Quand le petit Pierre eut sept ans, ses parents s’accordèrent pour le confier aux Pères dominicains de Neuilly. Ceux-ci auraient préféré qu’il fût pensionnaire, alléguant l’éloignement de leur établissement aux confins de Levallois. Mais quand la douce Annie, qui s’occupa de ces tractations, transmit à son mari cette réponse du préfet des études, Arbrissel frémit des pieds à la tête. Il eut sur sa femme un regard déchirant : « Vous voulez m’arracher mon seul vrai bonheur ! dit-il d’une voix éteinte, — Et moi, que suis-je donc pour vous alors ? » s’écria-t-elle. Et les larmes lui perlaient aux yeux. « Je n’ai pas trop de vos deux amours ! » soupira le peintre, incapable de celer entièrement sa voracité sentimentale. C’était un insatiable. Il ne pouvait goûter de contentement si d’autres désirs impérieux en lui n’avaient pas été satisfaits. Pour leur accomplissement il employait autant de génie secret qu’à réalisec sur la toile sa vision intérieure. Non, jamais il ne pourrait renoncer au divin plaisir — son dernier coup de pinceau donné — de descendre à la salle à manger pour y retrouver ce petit dieu qui se précipitait dans ses bras, aussi doux, aussi ardent que l’Amour même.

À la fin, ce fut Hyacinthe qui gagna la partie. La nourrice de Pierre, demeurée à la villa en qualité de femme de chambre et qui avait laissé le bonnet ruché pour reprendre le hennin carré et la gorgerette empesée des filles de Quimper, fut chargée d’escorter matin et soir l’allée et la venue du petit écolier nouveau.

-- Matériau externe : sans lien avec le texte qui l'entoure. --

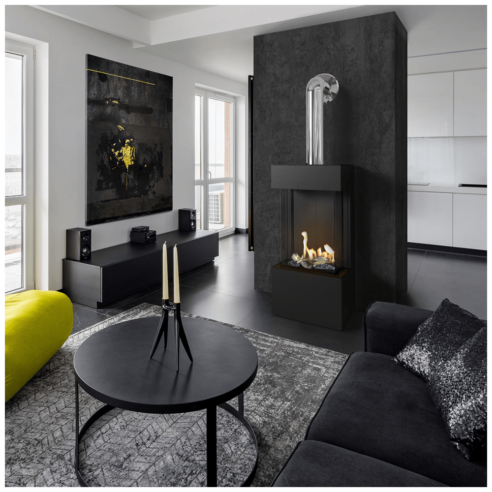 Denne flotte, minimalistiske panoramamodellen gir fullt fokus på flammene. I tillegg til dette kan du velge en bakvegg i sort glass, som virkelig fremhever flammene. Fasaden har en subtil ramme, og eksterne elementer som er minimalistiske. Innsiden er kledd med lamell, og brenneren gir vakre flammer som du kan justere i høyde.

Hyacinthe Arbrissel n’en considéra pas moins comme une épreuve sévère ces Journées nouvelles dépouillées d’une présence trop chère : « On m’arrache mon fils, prétendait-il ; chaque jour un peu plus ma vie est amputée de lui. Les dominicains s’en emparent. » Et, avec la fièvre d’un écolier, il se mit à attendre les jeudis et les dimanches qui lui rendaient son idole. C’était le temps où il peignait ses grandes compositions de nu en plein air ; le temps où son nouveau modèle, une grande fille maigre mais admirablement serpentine, posait pour lui, nue malgré la fraîcheur hâtive de l’automne 1882, dans le petit parc de la villa. Et il pensa que la pauvre Cloclo l’avait fait aussi — mais par amour. Il n’en restait pas moins que si celle-là gagnait un mal grave, ce serait pour le service de son génie à lui, Arbrissel. Parfois, sur cette pente de sa méditation, il en venait à concevoir ce génie comme indépendant de sa propre personne. Un être surnaturel vivant aux dépens de son âme, un hôte impérieux dont il était possédé comme certains de Satan et qu’il fallait nourrir à tout prix pour qu’il produisit — et de la magistrale peinture.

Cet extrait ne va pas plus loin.